Exercise instructions:
Images don't belong in the copy. Output the rest of the data exactly.

Records for processing:
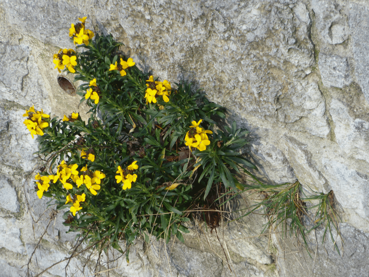 Auch die Außenmauern haben für Tiere und Pflanzen etwas zu bieten. Der Goldlack ist ein außerordentlich bemerkenswertes Kulturrelikt, das bereits im 18. Jahrhundert an der Sparrenburg heimisch wurde. Ursprünglich aus dem Mittelmeerraum erfreut der zierliche Halbstrauch im Mai mit seinen leuchtend gelben Blüten. In kleinen Fugen finden die Wurzeln des genügsamen Gewächses Halt, Nähstoffe und Wasser. Aber es braucht einen Platz in der Sonne. Vor der letzten Sanierung der Mauern wurde von verschiedenen Stellen Saatgut entnommen und im Botanischen Garten der Stadt isoliert zu kleinen Pflänzchen herangezogen und an geeigneter Stelle wieder ausgepflanzt. Inzwischen hat sich der Goldlack an der Sparrenburg gut etabliert. Wie die Farne und zierlichen Blütenpflanzen richtet er keinen Schaden am Mauerwerk an.
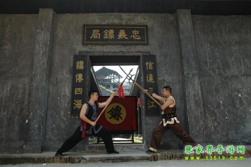 忠義鏢局,它始建于清乾隆四十二年(1777),位于洪江龍船沖,這里會(huì)館、錢莊、豪宅林立,堪稱洪江的曼哈頓。與我們?cè)?a class="insidelink" href="http://www.xc6688s.com/hongjiang/" target="_blank" title="洪江古商城">古商城看到的窨子屋不同,這是一座典型的北方四合院,前庭后院,布局嚴(yán)謹(jǐn),軸線明確,左右對(duì)稱,主次分明。前院是鏢師練功習(xí)武之地,墻壁上書有“忠”、“孝”、“禮”、“義”四字和“十八羅漢練功圖”;后院為鏢師起居和洽談生意之所,內(nèi)供奉關(guān)武大帝。忠義鏢局主要為豪商巨賈押運(yùn)銀票、貨物,看家護(hù)院,坐夜守店,也開館收徒,傳授武藝。忠義鏢局的掌門人劉大鵬,湖南長(zhǎng)沙人,幼時(shí)即入嵩山少林寺習(xí)武,不僅精通十八般武藝,而且頭腦精明,他把鏢局開在這洪江最繁華的金融一條街,足見他的經(jīng)商意識(shí)和人面廣了?,F(xiàn)在忠義鏢局現(xiàn)場(chǎng)表演古代押鏢、行鏢全過程,是人們了解中國(guó)古代鏢行歷史文化的活性博物館。有興趣的朋友可以去洪江古商城親自感受一下當(dāng)時(shí)押鏢的情景吧。
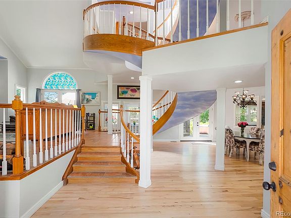 Your castle awaits on an expansive 2.8 acres of serene woodlands, perfect for entertaining, relaxation, or multigenerational living. This property with mountain views is designed for comfort and indulgence. Upon entry, you are greeted by a dramatic staircase with a skylight, authentic hickory wood floors, and a large, open great room that includes a dining area, sunroom, and gourmet kitchen. Ascend to the upper level to find a spacious secondary bedroom, a loft, and a bathroom, along with an oval-shaped library where the ambiance and views will inspire your imagination. At the very top level is the primary bedroom with a newly remodeled five-piece ensuite, a walk-in closet, and a private balcony. Nearby is a treehouse-like bedroom that can double as an office. The walk-out basement offers generous space, easily convertible into an apartment, office, or gym. The property is not just beautiful but also practical—low taxes and HOA fees make it a great value. Recent updates include a hail-resistant roof and gutter system, new interior and exterior paint, a newer HVAC system, a well pump, an asphalt driveway, new water heater and a sprinkler system. All that's left to do is move in and enjoy the tranquility of nature combined with luxurious living. The treed 2.8 acres can be enjoyed from the hot tub, back patio, or on horseback. The property includes a well permit that supports horses and backs up to community bridle paths, complete with a community outdoor arena. With a perfect blend of luxury, comfort, and outdoor living, this stunning retreat could be your dream home. Schedule a private tour and experience the magic of this Hidden Village gem.
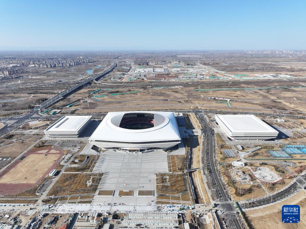 暖阳下,雄安体育中心的三座建筑宛如三枚印章,错落钤印于巨幅山水画卷之上。体育场弧形屋面向天际舒展,方形基座则暗合“黄琮礼地”,方圆之间尽显中华风范。
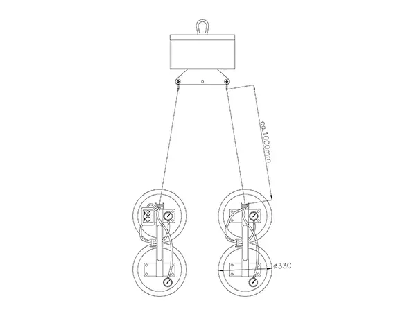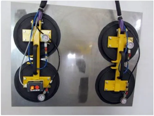 Collegato al gruppo aspirante tramite fasce di sollevamento ad alta portata, vi sono i due gruppi di aspirazione, dotati di piastre aspiranti a doppio labbro, di 330 mm, che permettono al sistema G2/12V di sollevare carichi in piena sicurezza, fino a 300 kg.
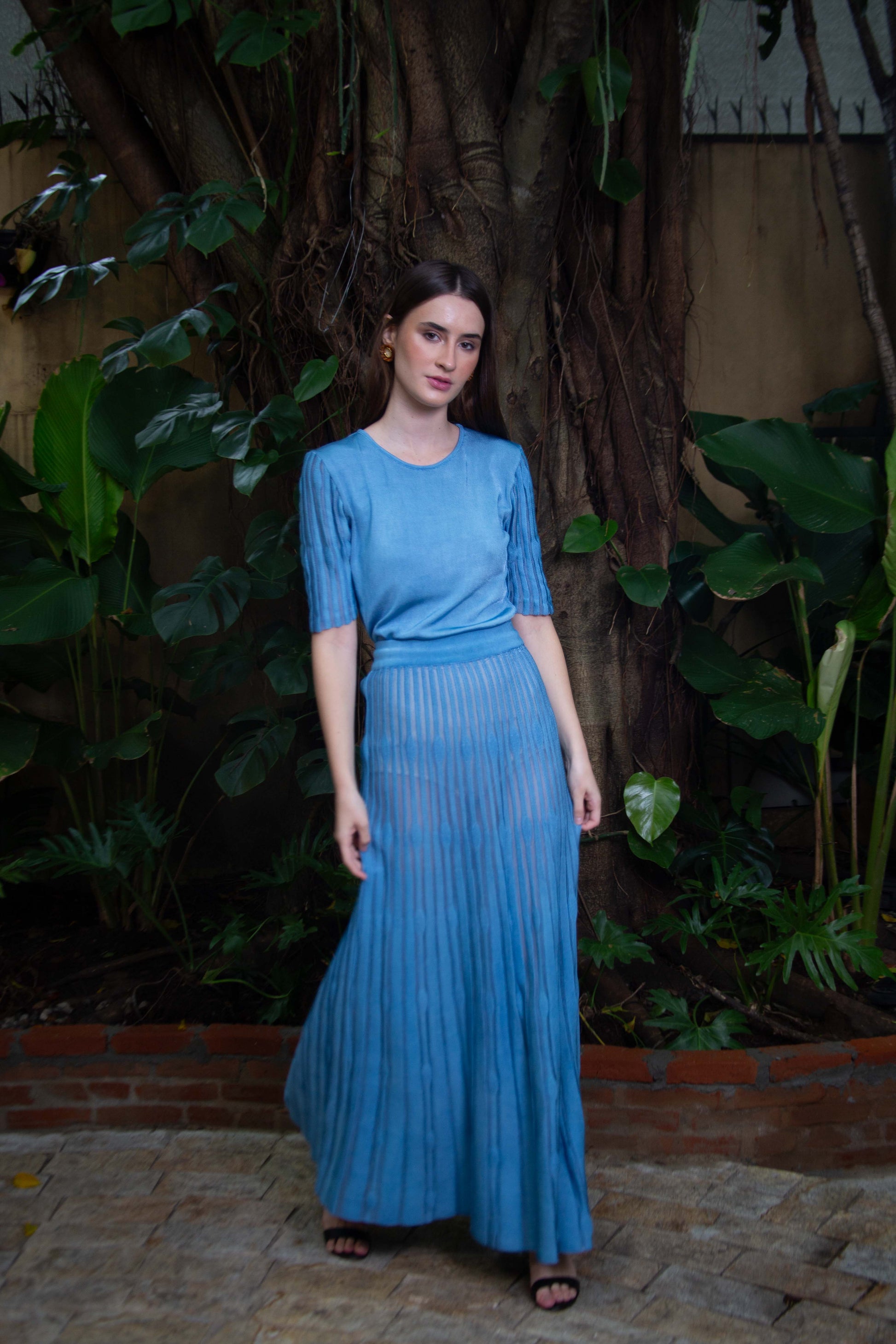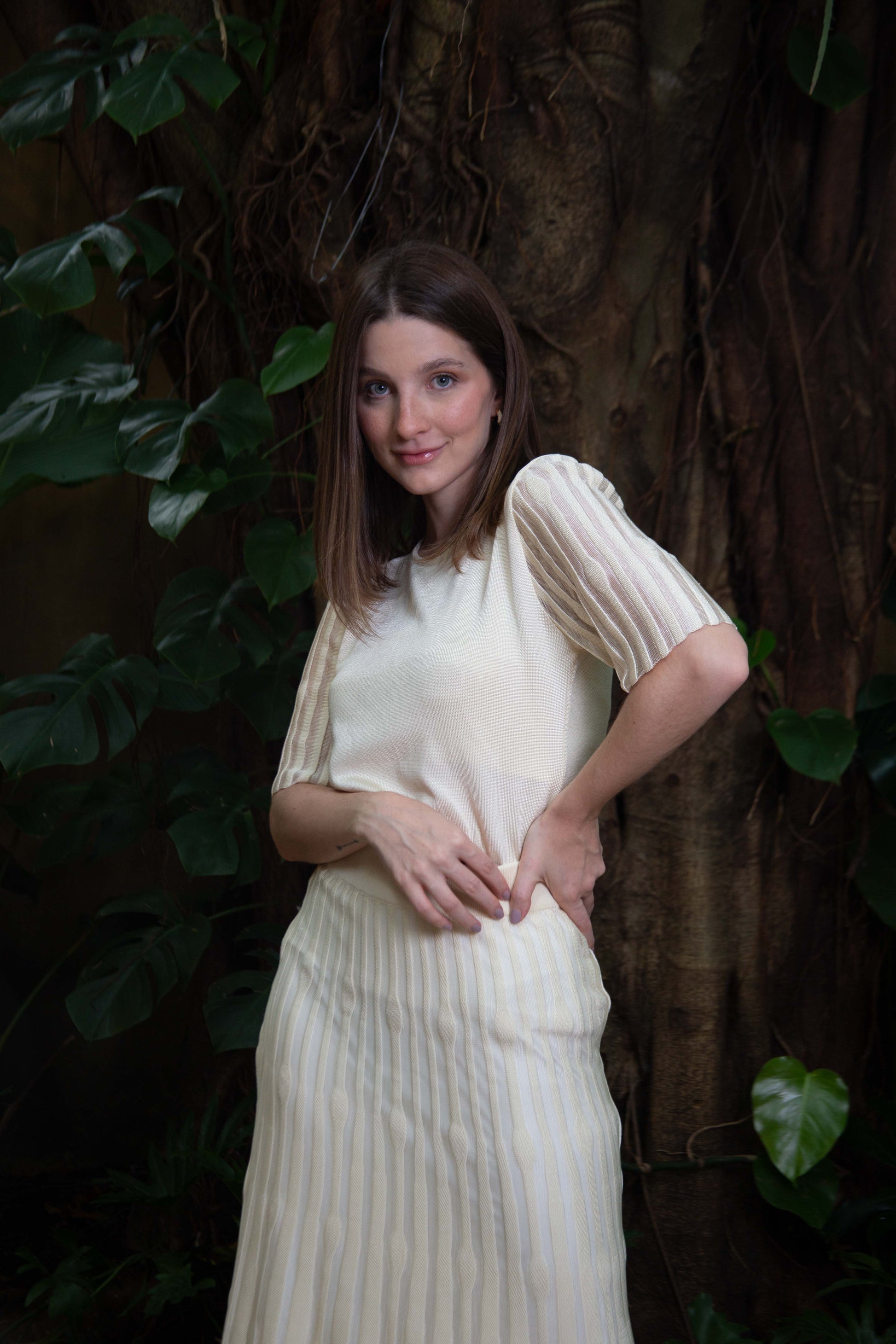 A blusa Amalia é uma peça confeccionada em Tricot, seu corpo tem uma modelagem mais justa ao corpo fazendo com que a peça tenha um caimento perfeito e seja muito confortável. O tecido do corpo é liso e das mangas, tem uma textura de faixas com uma leve transparência. A peça tem manga curta e não muito justa.

Answer for this exercise:
 Auch die Außenmauern haben für Tiere und Pflanzen etwas zu bieten. Der Goldlack ist ein außerordentlich bemerkenswertes Kulturrelikt, das bereits im 18. Jahrhundert an der Sparrenburg heimisch wurde. Ursprünglich aus dem Mittelmeerraum erfreut der zierliche Halbstrauch im Mai mit seinen leuchtend gelben Blüten. In kleinen Fugen finden die Wurzeln des genügsamen Gewächses Halt, Nähstoffe und Wasser. Aber es braucht einen Platz in der Sonne. Vor der letzten Sanierung der Mauern wurde von verschiedenen Stellen Saatgut entnommen und im Botanischen Garten der Stadt isoliert zu kleinen Pflänzchen herangezogen und an geeigneter Stelle wieder ausgepflanzt. Inzwischen hat sich der Goldlack an der Sparrenburg gut etabliert. Wie die Farne und zierlichen Blütenpflanzen richtet er keinen Schaden am Mauerwerk an.
 忠義鏢局,它始建于清乾隆四十二年(1777),位于洪江龍船沖,這里會(huì)館、錢莊、豪宅林立,堪稱洪江的曼哈頓。與我們?cè)?a class="insidelink" href="http://www.xc6688s.com/hongjiang/" target="_blank" title="洪江古商城">古商城看到的窨子屋不同,這是一座典型的北方四合院,前庭后院,布局嚴(yán)謹(jǐn),軸線明確,左右對(duì)稱,主次分明。前院是鏢師練功習(xí)武之地,墻壁上書有“忠”、“孝”、“禮”、“義”四字和“十八羅漢練功圖”;后院為鏢師起居和洽談生意之所,內(nèi)供奉關(guān)武大帝。忠義鏢局主要為豪商巨賈押運(yùn)銀票、貨物,看家護(hù)院,坐夜守店,也開館收徒,傳授武藝。忠義鏢局的掌門人劉大鵬,湖南長(zhǎng)沙人,幼時(shí)即入嵩山少林寺習(xí)武,不僅精通十八般武藝,而且頭腦精明,他把鏢局開在這洪江最繁華的金融一條街,足見他的經(jīng)商意識(shí)和人面廣了?,F(xiàn)在忠義鏢局現(xiàn)場(chǎng)表演古代押鏢、行鏢全過程,是人們了解中國(guó)古代鏢行歷史文化的活性博物館。有興趣的朋友可以去洪江古商城親自感受一下當(dāng)時(shí)押鏢的情景吧。
 Your castle awaits on an expansive 2.8 acres of serene woodlands, perfect for entertaining, relaxation, or multigenerational living. This property with mountain views is designed for comfort and indulgence. Upon entry, you are greeted by a dramatic staircase with a skylight, authentic hickory wood floors, and a large, open great room that includes a dining area, sunroom, and gourmet kitchen. Ascend to the upper level to find a spacious secondary bedroom, a loft, and a bathroom, along with an oval-shaped library where the ambiance and views will inspire your imagination. At the very top level is the primary bedroom with a newly remodeled five-piece ensuite, a walk-in closet, and a private balcony. Nearby is a treehouse-like bedroom that can double as an office. The walk-out basement offers generous space, easily convertible into an apartment, office, or gym. The property is not just beautiful but also practical—low taxes and HOA fees make it a great value. Recent updates include a hail-resistant roof and gutter system, new interior and exterior paint, a newer HVAC system, a well pump, an asphalt driveway, new water heater and a sprinkler system. All that's left to do is move in and enjoy the tranquility of nature combined with luxurious living. The treed 2.8 acres can be enjoyed from the hot tub, back patio, or on horseback. The property includes a well permit that supports horses and backs up to community bridle paths, complete with a community outdoor arena. With a perfect blend of luxury, comfort, and outdoor living, this stunning retreat could be your dream home. Schedule a private tour and experience the magic of this Hidden Village gem.
 暖阳下,雄安体育中心的三座建筑宛如三枚印章,错落钤印于巨幅山水画卷之上。体育场弧形屋面向天际舒展,方形基座则暗合“黄琮礼地”,方圆之间尽显中华风范。
 Collegato al gruppo aspirante tramite fasce di sollevamento ad alta portata, vi sono i due gruppi di aspirazione, dotati di piastre aspiranti a doppio labbro, di 330 mm, che permettono al sistema G2/12V di sollevare carichi in piena sicurezza, fino a 300 kg.
 A blusa Amalia é uma peça confeccionada em Tricot, seu corpo tem uma modelagem mais justa ao corpo fazendo com que a peça tenha um caimento perfeito e seja muito confortável. O tecido do corpo é liso e das mangas, tem uma textura de faixas com uma leve transparência. A peça tem manga curta e não muito justa.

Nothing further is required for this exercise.